= Joan Browning =

American civil rights activist

Joan Constance Browning is a Freedom Rider and civil rights activist known for her participation in non-violent protests in the southern United States in the 1960s.

== Biography ==
Browning was born and raised in rural Georgia, and started college in 1959 at Georgia State College for Women at the age of sixteen. While there she began to be involved in the freedom rider movement, and her involvement in the movement ultimately led to her 1961 dismissal from the college because of her decision to attend a black church. At the age of eighteen, she decided to move to Atlanta, where she worked in the library of Emory University and was attending classes at night.

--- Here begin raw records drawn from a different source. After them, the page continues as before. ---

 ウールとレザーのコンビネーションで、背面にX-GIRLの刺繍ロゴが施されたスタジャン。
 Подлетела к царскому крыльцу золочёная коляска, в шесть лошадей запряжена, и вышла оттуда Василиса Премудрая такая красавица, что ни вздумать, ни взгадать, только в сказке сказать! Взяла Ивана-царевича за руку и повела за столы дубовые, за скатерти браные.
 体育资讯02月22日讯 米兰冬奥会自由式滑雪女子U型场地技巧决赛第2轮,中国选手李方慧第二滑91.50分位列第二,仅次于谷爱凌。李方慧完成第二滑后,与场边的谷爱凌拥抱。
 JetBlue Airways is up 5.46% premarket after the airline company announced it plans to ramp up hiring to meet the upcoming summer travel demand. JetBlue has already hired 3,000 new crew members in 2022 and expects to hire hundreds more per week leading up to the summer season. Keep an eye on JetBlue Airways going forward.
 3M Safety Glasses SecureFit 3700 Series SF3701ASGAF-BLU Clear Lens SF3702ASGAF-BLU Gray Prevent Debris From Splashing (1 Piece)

At the age of 19 she became one of the Freedom Riders who traveled the south in 1961, where she joined the racially mixed group of people traveling south. She was arrested in Albany, Georgia and was the only white women to be put in jail where she spent a total of five days. After she was released from jail, she spoke to the group about her feelings and noted "It's a funny, mixed-up feeling to hate being in a dirty place — but to be glad that you're there for a good reason".

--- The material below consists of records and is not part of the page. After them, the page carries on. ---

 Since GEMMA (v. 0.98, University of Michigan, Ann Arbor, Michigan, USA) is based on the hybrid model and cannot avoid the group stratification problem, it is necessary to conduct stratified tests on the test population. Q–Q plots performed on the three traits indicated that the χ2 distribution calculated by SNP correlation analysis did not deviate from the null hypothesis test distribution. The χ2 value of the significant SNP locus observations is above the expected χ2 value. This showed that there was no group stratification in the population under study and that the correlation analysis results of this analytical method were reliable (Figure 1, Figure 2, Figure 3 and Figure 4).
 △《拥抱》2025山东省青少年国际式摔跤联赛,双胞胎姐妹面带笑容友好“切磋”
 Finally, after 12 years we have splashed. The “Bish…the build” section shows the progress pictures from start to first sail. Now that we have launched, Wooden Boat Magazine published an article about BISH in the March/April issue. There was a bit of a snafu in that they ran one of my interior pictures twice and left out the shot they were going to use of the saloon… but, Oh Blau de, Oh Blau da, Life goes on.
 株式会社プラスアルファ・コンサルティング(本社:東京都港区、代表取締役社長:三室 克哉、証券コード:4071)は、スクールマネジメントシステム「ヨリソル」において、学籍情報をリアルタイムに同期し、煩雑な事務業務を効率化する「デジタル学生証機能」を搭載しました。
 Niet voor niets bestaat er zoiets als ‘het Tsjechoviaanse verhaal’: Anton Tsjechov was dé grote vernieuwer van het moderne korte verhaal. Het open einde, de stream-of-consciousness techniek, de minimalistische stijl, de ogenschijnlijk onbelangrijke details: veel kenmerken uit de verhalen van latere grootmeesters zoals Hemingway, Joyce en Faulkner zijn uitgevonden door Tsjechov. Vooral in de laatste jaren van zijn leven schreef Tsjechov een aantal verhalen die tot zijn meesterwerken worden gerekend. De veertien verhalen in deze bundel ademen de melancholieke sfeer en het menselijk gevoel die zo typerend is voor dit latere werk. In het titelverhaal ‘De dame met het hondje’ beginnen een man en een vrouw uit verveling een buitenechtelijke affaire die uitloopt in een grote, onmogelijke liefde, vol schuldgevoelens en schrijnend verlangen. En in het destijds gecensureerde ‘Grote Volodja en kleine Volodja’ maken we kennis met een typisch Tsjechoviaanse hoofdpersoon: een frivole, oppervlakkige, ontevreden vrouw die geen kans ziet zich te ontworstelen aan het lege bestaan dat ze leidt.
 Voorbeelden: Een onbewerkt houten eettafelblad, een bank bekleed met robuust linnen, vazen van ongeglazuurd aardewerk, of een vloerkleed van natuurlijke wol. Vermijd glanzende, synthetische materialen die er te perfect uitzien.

Browning's role in the civil rights movement was also detailed in the book The Road South, B. J. Hollars' book about the Freedom Riders.

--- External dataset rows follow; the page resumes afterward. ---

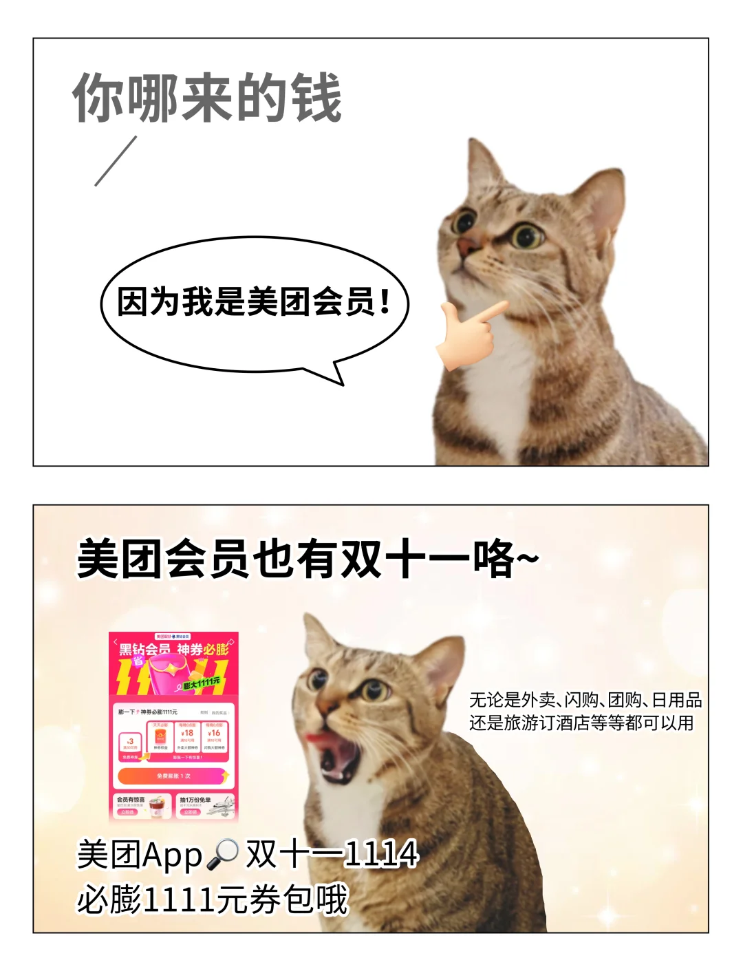 朋友:我好难过 我:别难过 朋友:我好生气 我:别生气 朋友:我好想哭 我:别哭 朋友:我好穷 我:别穷... 过两天带你出去吃大餐!跟你说美团会员现在有双十一了,美团App🔍【双十一1114】,必膨1111元券包哦~现在就可以开始囤券,11.8日-11日就可以使用啦,外卖、闪购、团购、日用品以及旅游订酒店等等几乎是生活场景全覆盖! 所以别不开心啦,我们一起用美团出门吃吃喝喝玩玩乐乐吧! 美团会员双十一还不用凑复杂满减,轻松省钱更简单!另外10.31-11.11,参与美团会员集卡活动,还能抽免单!以及各种实物好礼诶!我勒个豆,这个双十一真的太幸福了! 抽象朋友安慰朋友搞笑精神状态当代年轻人表情包内容过于真实闺蜜梗图猫吸猫美团会员美团会员双十一
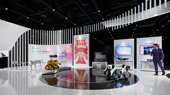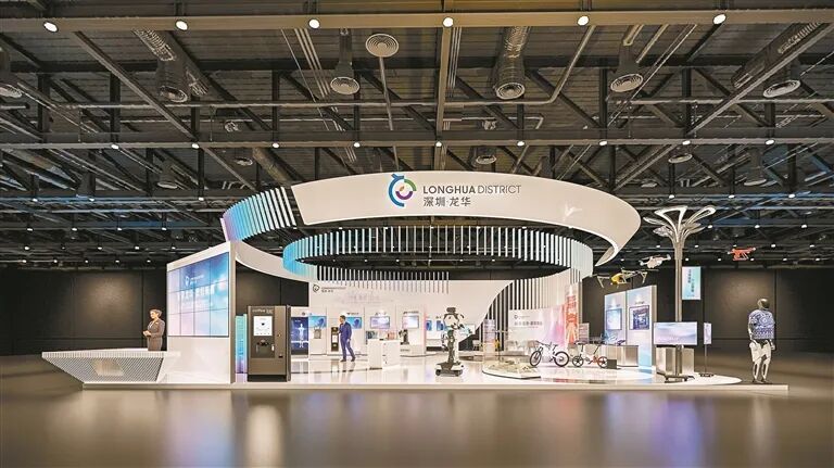 这种文化元素的运用不仅增强了展台的文化内涵,更展现了龙华区在文化传承与科技创新融合方面的独特优势,让 "科技有温度从理念变为现实。
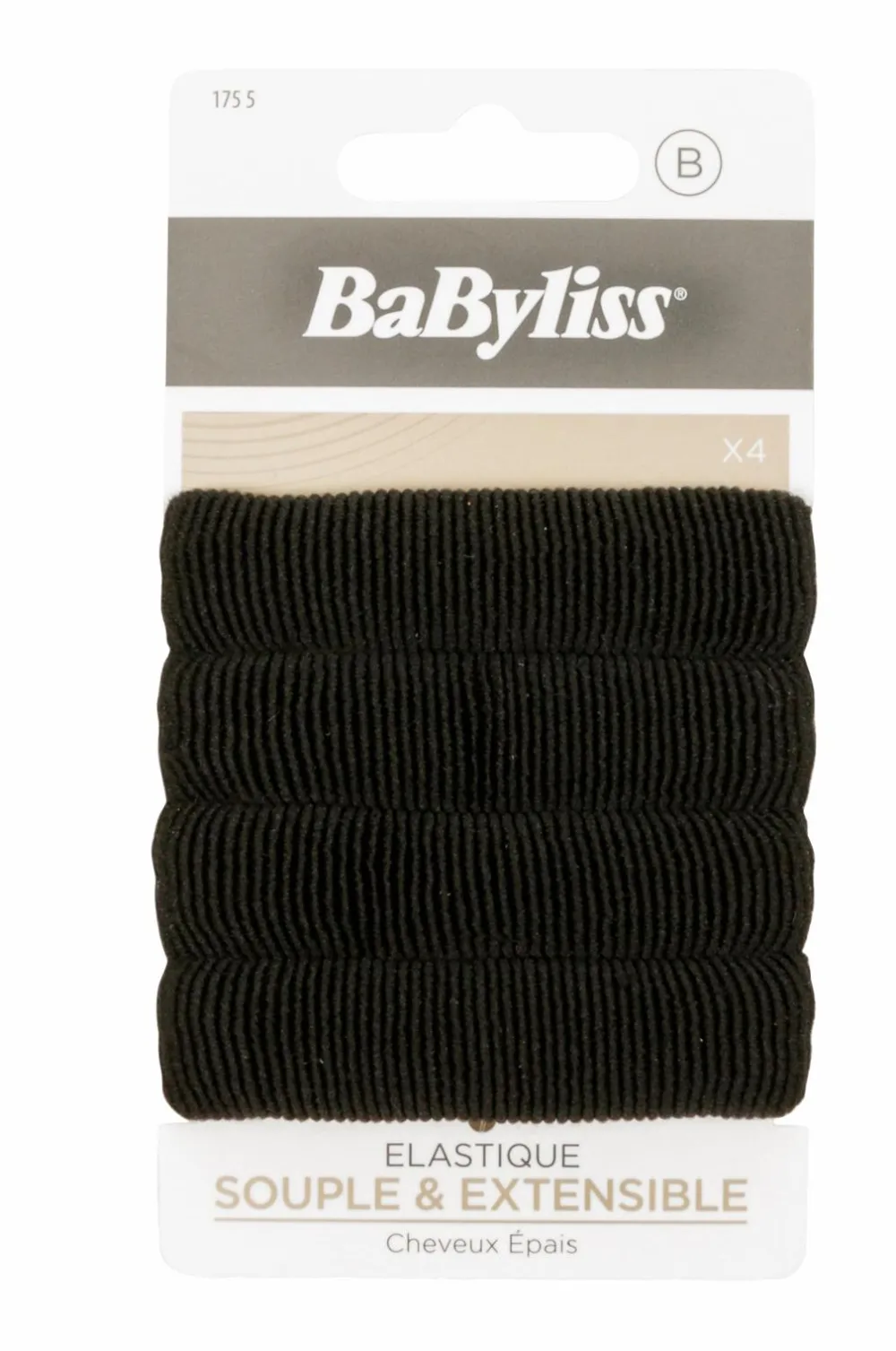 Tykke, bløde hårelastikker. 4 stk. pr. pakke. Sorte. Passer til lidt tykkere hår.
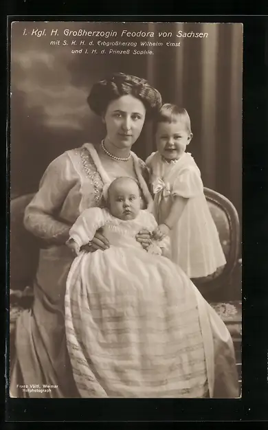 AK Kgl. H. Grossherzogin Feodora von Sachsen mit ihren Kindern

Browning would go on to graduate from West Virginia State College, now known as West Virginia State University in 1994. She shares her experiences in the civil rights movement in public events as a means to engage young people, and she writes on the historical details of the civil rights movement using biographies such as her article on the activist Fannie Lou Hamer.

== Selected publications ==
- Browning, Joan C. (2022). "For Freedom's Sake: The Life of Fannie Lou Hamer"
- Curry, Constance (2000). "Deep in our hearts : nine white women in the Freedom Movement"
- Browning, Joan C. (1996). "Invisible Revolutionaries: White Women in Civil Rights Historiography"

== Awards and honors ==
In 2000, Browning received the West Virginia Martin Luther King Jr. "Living the Dream Award". In 2005, Browning received the Martin Luther King Achievement Award from West Virginia University. On April 27, 2024, Browning received an honorary Doctor of Letters from Marshall University. On June 8, 2025, Marshall University dedicated an honorary bench on their campus with a plaque reading "West Virginia's Freedom Rider.